Wednesday, February 7, 2018

Lucene vs Solr

Lucene vs Solr:
A simple way to conceptualize the relationship between Solr and Lucene is that of a car and its engine. You can't drive an engine, but you can drive a car. Similarly, Lucene is a programmatic library which you can't use as-is, whereas Solr is a complete application which you can use out-of-box.

What is Solr?
Apache Solr is a web application built around Lucene with all kinds of goodies.

It adds functionality like

XML/HTTP and JSON APIs
Hit highlighting
Faceted Search and Filtering
Geospatial Search
Fast Incremental Updates and Index Replication
Caching
Replication
Web administration interface etc
Unlike Lucene, Solr is a web application (WAR) which can be deployed in any servlet container, e.g. Jetty, Tomcat, Resin, etc.

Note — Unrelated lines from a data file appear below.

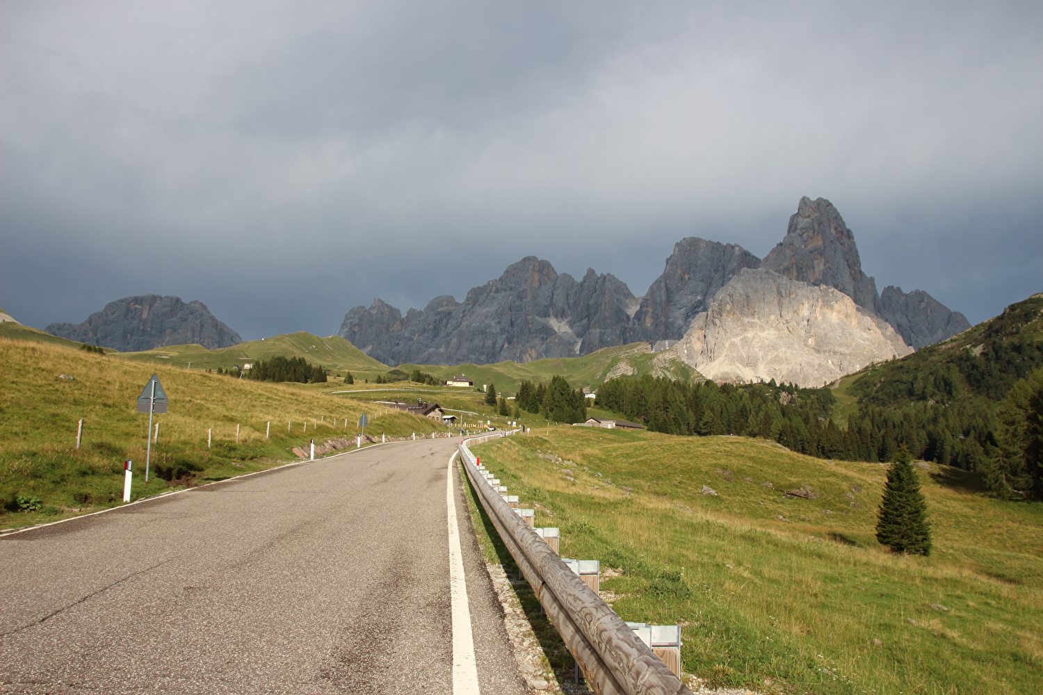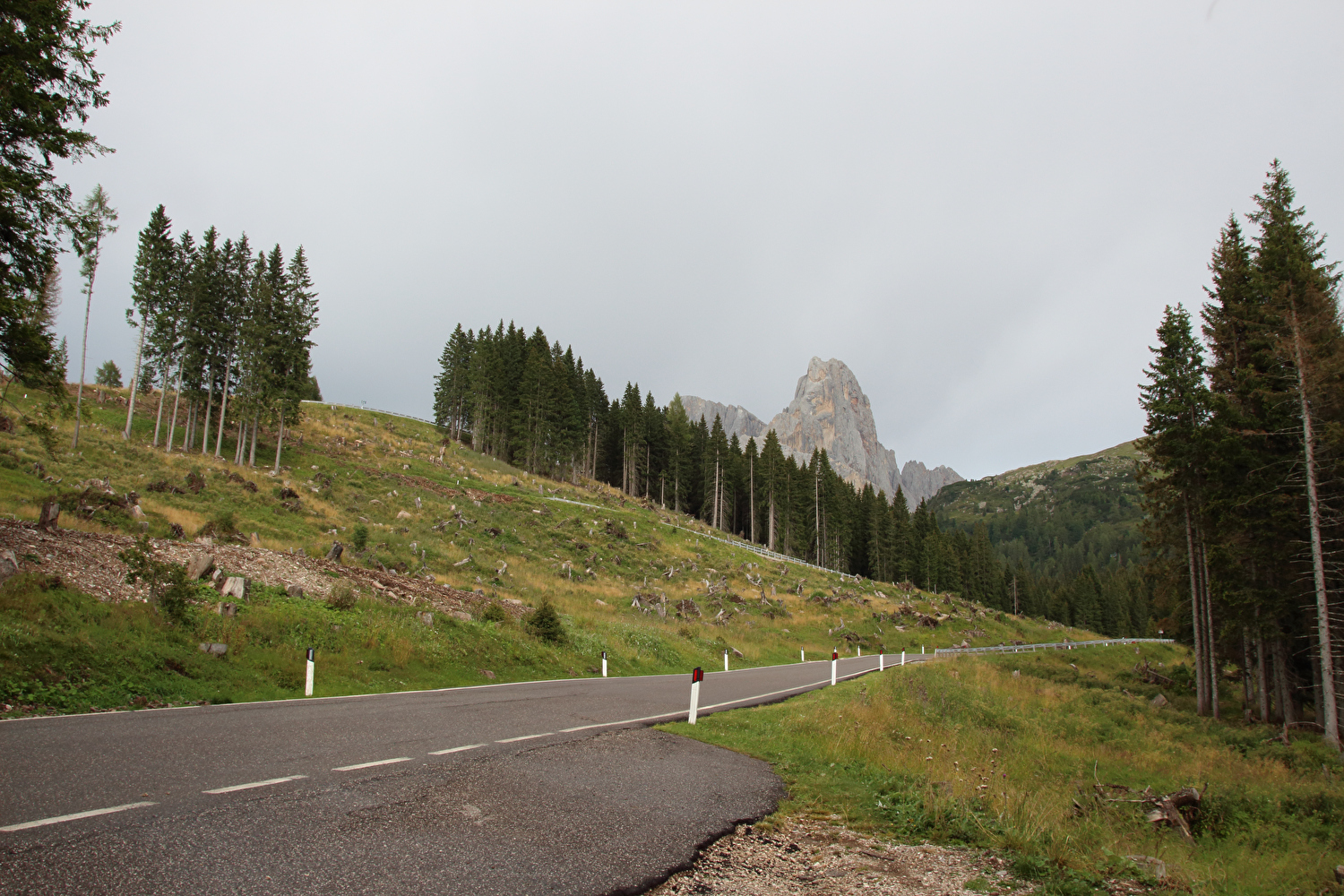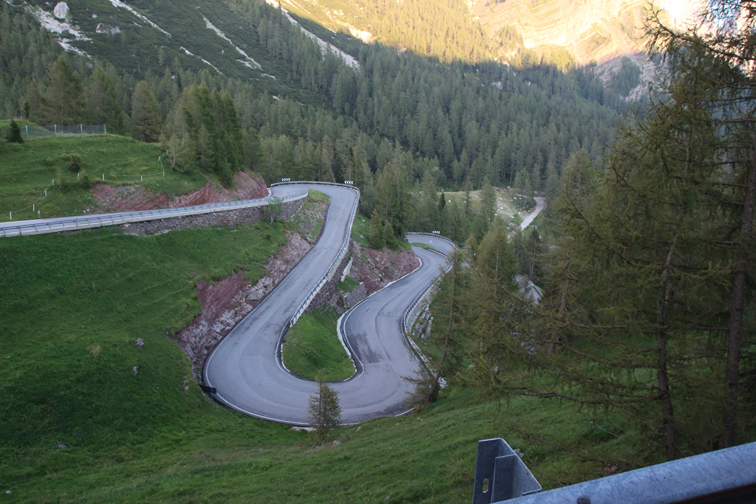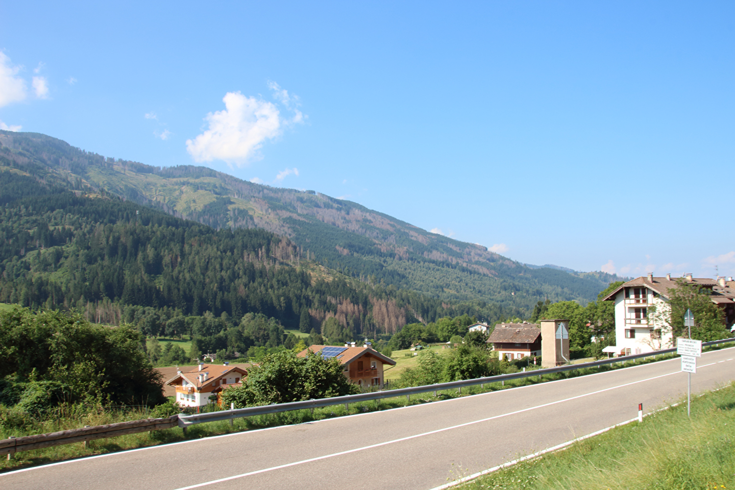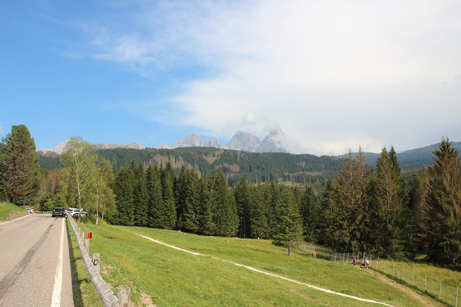 Die Etappe startete bei sonnigem schwülwarmem Wetter. Von Ziano di Fiemme bis Predazzo wurde auf dem Radweg „pista ciclabile val di Fiemme-Fassa“ bis Predazzo gefahren. Ab Predazzo gab es aber kein Entkommen mehr aus der Autoabgas- und Feinstaubwolke, die über der Straße hing. Der Stinkeverkehr reihte sich ab Predazzo immer wieder Stoßstange an Stoßstange. Zu allem Überfluss hatten die Italiener ihre Kleinwagenflotte früherer Jahre mittlerweile größtenteils durch Stadtpanzer ersetzt, obwohl die Straßen in dieser Zeit nicht breiter geworden waren. Diese Stadtpanzer brachten nicht nur noch mehr Autoabgase und Feinstaub, sodern ließen auch nahezu jede Begegnung eng bis gefährlich eng werden. Das schwülwarme Wetter blieb nicht ohne Folgen. Oberhalb von Paneveggio setzte von Süden kommend Regen ein, der das Anlegen der Norddeutschen Trachtenkleidung (mit kurzer Regenhose) erforderte. Weiter oben zog der Regen nach Norden ab, sodass noch vor der Passhöhe wieder im Trockenen ohne Regenkleidung gefahren werden konnte. Kurz vor Erreichen der Passhöhe kam sogar wieder die Sonne raus. Zu Beginn der Abfahrt rückte mit dem Cimon della Pala zum letzten Mal im Rahmen dieser Tour ein Dreitausender in die Nähe. Mit der Abfahrt nach Siror, die bedingt durch Topografie und Sonnenstand im Schatten verlief, endete der hochalpine Teil dieser Tour. Da die Passstraße auf längeren Abschnitten durch Wald verläuft, wo sich nur selten Weitblicke bieten, gibt es vergleichsweise wenig Fotos von dieser Etappe.
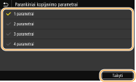 Jei ekranas Pagrindinis yra pilnas ir daugiau parametrų užregistruoti negalima, pašalinkite užregistruotus mygtukus ir tarpus <Pagr. ekrano parametrai>.
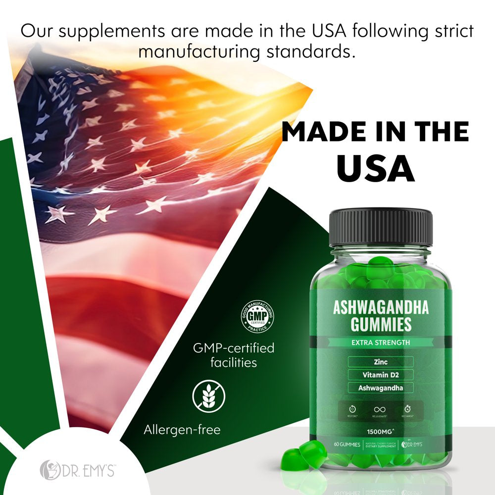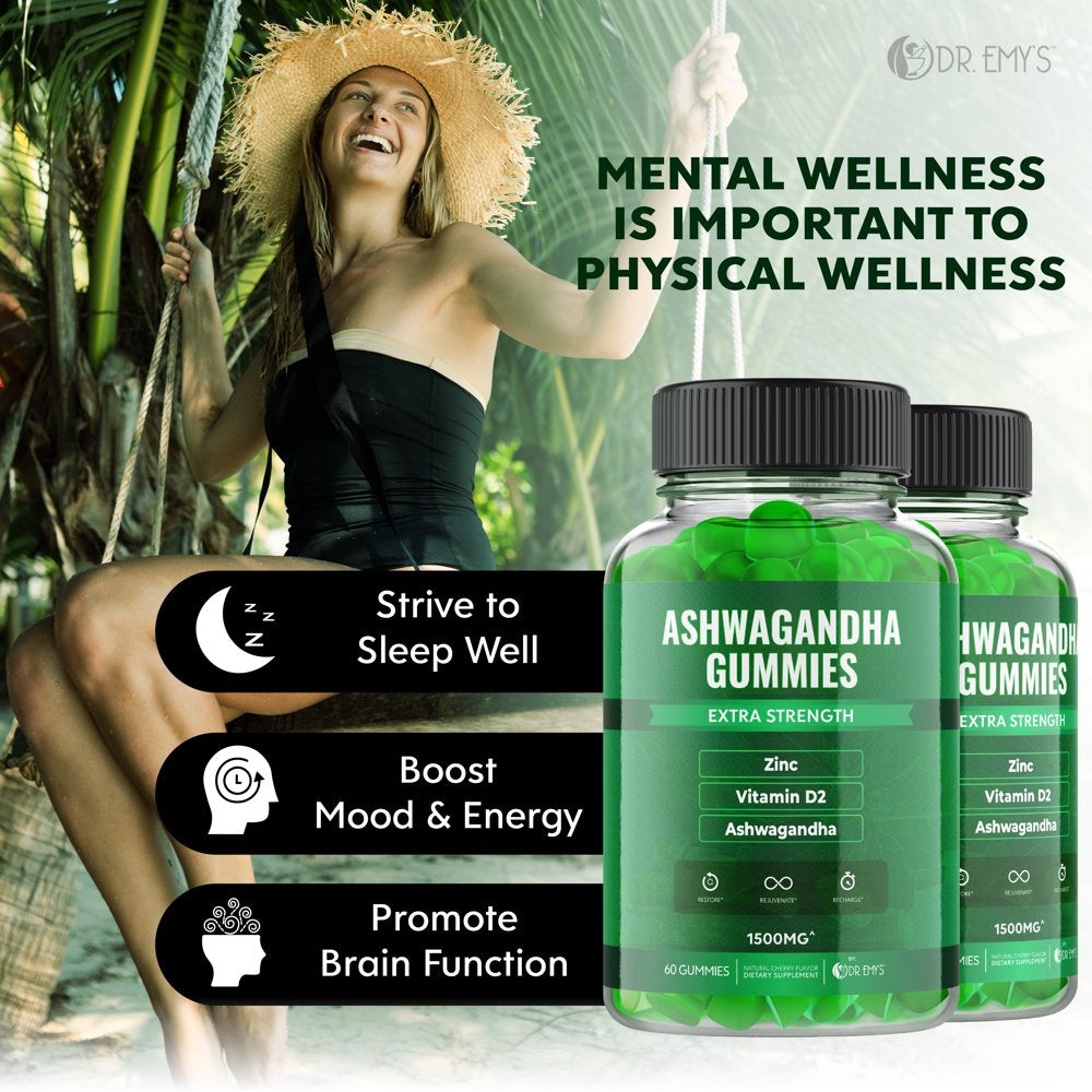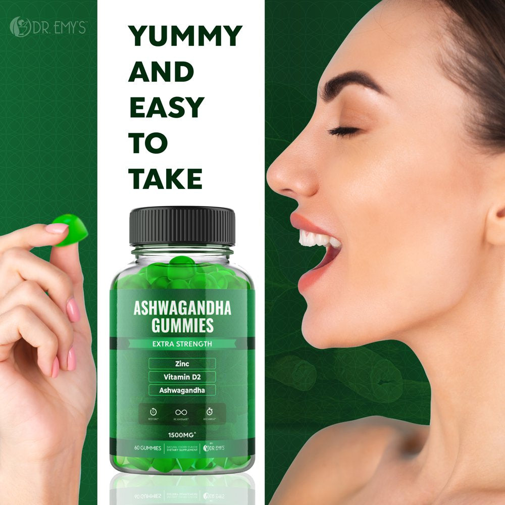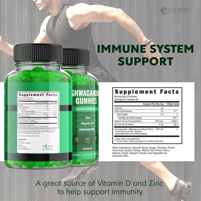 Dr. Emy'S Ashwagandha Gummies Vitamin D, Zinc Citrate Boost Supplement Stress Relief, Sleep, Immune System Ashwa Gummy Women Men Vegan, Gluten Free, Allergen Free Restore, Rejuvenate, Recharge (2)
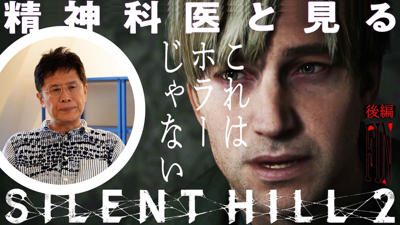 ※※※こちら最終回の"後編"になります!サイズの都合、動画を2分割してます※※※<br>↓前編はこちら<br><a href="https://www.nicovideo.jp/watch/so45078721" target="_blank" rel="noopener nofollow">https://www.nicovideo.jp/watch/so45078721</a><br><br>長らくお送りしてきた本シリーぶも今回でついに最終回です!メアリーが待つ312号室、全ての真相が明らかになります...<br><br>▼「精神科医と見るサイレントヒル2」シリーズ<br>・1話 『サイレントヒル2』主要登場人物たちの性格分析<br>前編 <a href="https://www.nicovideo.jp/watch/so44259111" target="_blank" rel="noopener nofollow">https://www.nicovideo.jp/watch/so44259111</a><br>後編 <a href="https://www.nicovideo.jp/watch/so44259302" target="_blank" rel="noopener nofollow">https://www.nicovideo.jp/watch/so44259302</a><br><br>・2話 市街地編<br><a href="https://www.nicovideo.jp/watch/so44809770" target="_blank" rel="noopener nofollow">https://www.nicovideo.jp/watch/so44809770</a><br><br>・3話 病院探索編<br><a href="https://www.nicovideo.jp/watch/so44836134" target="_blank" rel="noopener nofollow">https://www.nicovideo.jp/watch/so44836134</a><br><br>・5話 裏市街地〜歴史資料館編<br><a href="https://www.nicovideo.jp/watch/so44882402" target="_blank" rel="noopener nofollow">https://www.nicovideo.jp/watch/so44882402</a><br><br>・6話 刑務所編(アンジェラの過去)<br><a href="https://www.nicovideo.jp/watch/so44909347" target="_blank" rel="noopener nofollow">https://www.nicovideo.jp/watch/so44909347</a><br><br>・7話 迷宮通廊 探索編<br><a href="https://www.nicovideo.jp/watch/so45001910" target="_blank" rel="noopener nofollow">https://www.nicovideo.jp/watch/so45001910</a><br><br>・8話 迷宮通廊 脱出編<br><a href="https://www.nicovideo.jp/watch/so45032347" target="_blank" rel="noopener nofollow">https://www.nicovideo.jp/watch/so45032347</a><br><br>・9話 レイクビューホテル編<br><a href="https://www.nicovideo.jp/watch/so45048081" target="_blank" rel="noopener nofollow">https://www.nicovideo.jp/watch/so45048081</a><br><br>===================================<br>▽メンバーシップ登録はこちら💁<br><a href="https://www.youtube.com/channel/UCcTuSuH_yELJQYU6YZUHsAA/join" target="_blank" rel="noopener nofollow">https://www.youtube.com/channel/UCcTuSuH_yELJQYU6YZUHsAA/join</a><br>▽「ゲームさんぽ/よそ見」へのお仕事のご依頼・ご相談はこちら💁<br><a href="https://gamesampo.com/" target="_blank" rel="noopener nofollow">https://gamesampo.com/</a><br>gamesampo@yosomi.co.jp<br>===================================<br><br>【出演者】<br>名越康文(精神科医)<br><a href="https://twitter.com/nakoshiyasufumi" target="_blank" rel="noopener nofollow">https://twitter.com/nakoshiyasufumi</a><br><br>いいだ(よそ見)<br><a href="https://twitter.com/UraIida" target="_blank" rel="noopener nofollow">https://twitter.com/UraIida</a><br>マスダ(ゲーマー)<br><a href="https://twitter.com/game_masuda" target="_blank" rel="noopener nofollow">https://twitter.com/game_masuda</a><br><br>【制作】<br>editor:Akita & Iida & Masuda<br>art direction/design:KANAISASAKI<br>op motion design:Hiromu Oka<br>op music:Hercelot<br><br>===================================<br><br><ところでゲームさんぽって...?><br>いろんな人と一緒にゲームをやって、視点の違い、もっと言えば世界の見え方の違いっぷりを楽しむ動画シリーズです。<br><br>よければ発案者である「なむ」さんのサイトにもお参りして、企画の歴史を辿ってみてね!<br><a href="https://www.saynum.com/" target="_blank" rel="noopener nofollow">https://www.saynum.com/</a><br>
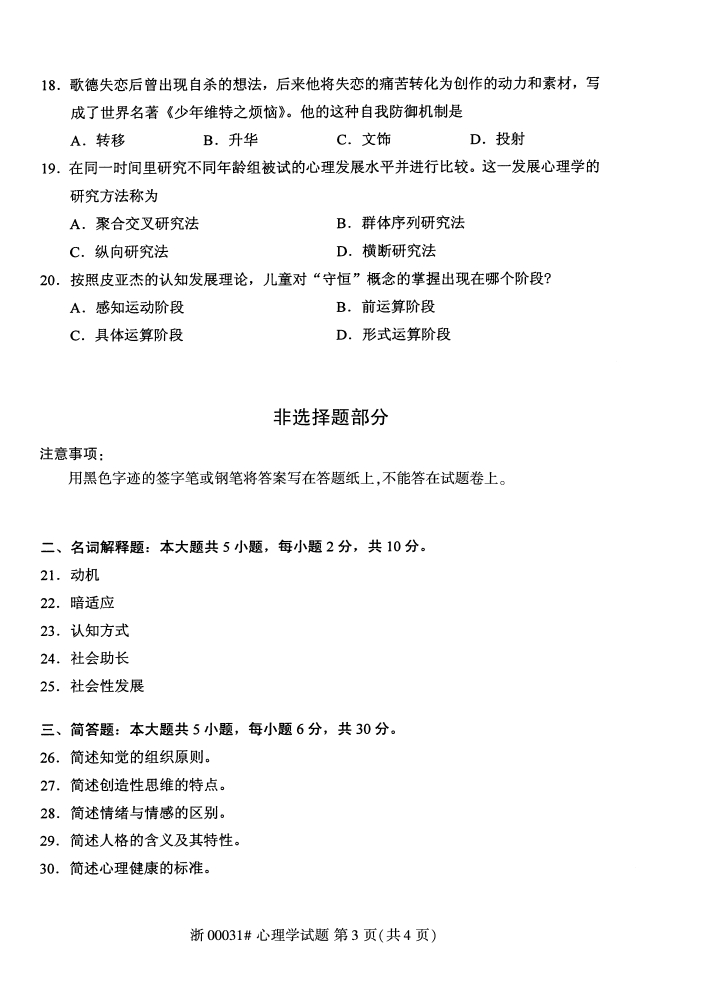 全国2018年4月自考00031心理学试题,由浙江自考网整理。更多自考试题练习,请自考学生关注浙江自考网。
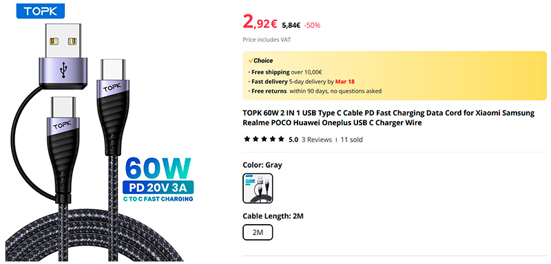 С этими адаптерами для зарядки нынче не поймешь, какой кабель брать. Одни - с портом USB-A, другие - с Type-C. Хороший выход - взять универсальный кабель Type-C с переходником под USB-A. Два метра - до любого смартфона дотянется! И он поддерживает Power Delivery до 60 Вт, так что для ноутбуков тоже сгодится.
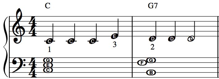 In Measure 1, the C major chord is played with the first middle C. You would continue to hold the C chord while you played the remaining 3 melody notes with your right hand.

Lucene: Lucene is an inverted full-text index. This means that it takes all the documents, splits them into words, and then builds an index for each word. Since the index is an exact string-match, unordered, it can be extremely fast. Hypothetically, an SQL unordered index on a varchar field could be just as fast, and in fact I think you'll find the big databases can do a simple string-equality query very quickly in that case.

Lucene:
Let's look at a sample corpus of five documents:
My sister is coming for the holidays.
The holidays are a chance for family meeting.
Who did your sister meet?
It takes an hour to make fudge.
My sister makes awesome fudge.

What does Lucene do? Lucene is a full text search library.
Search has two principal stages: indexing and "retrieval."

During indexing, each document is broken into words, and the list of documents containing each word is stored in a list called the "postings list".
The posting list for the word "My" is:
My --> 1,5
And the posting list for the word "fudge" is:
fudge --> 4,5
The index consists of all the posting lists for the words in the corpus.
Indexing must be done before retrieval, and we can only retrieve documents that were indexed.

Retrieval is the process starting with a query and ending with a ranked list of documents. Say the query is [my fudge]. (The brackets denote the borders of the query). In order to find matches for the query, we break it into the individual words, and go to the posting lists. The full list of documents containing the keywords is [1,4,5]. Because document 5 contains both words and documents 1 and 4 contain just a single word from the query, a possible ranking is: 5, 1, 4 (document 5 appears first, then document 4, then document 1).
In general, indexing is a batch, preprocessing stage, and retrieval is a quick online stage, but there are exceptions.

This is the gist of Lucene. The rest of Lucene is (many important) specific bells and whistles for the indexing and retrieval processes.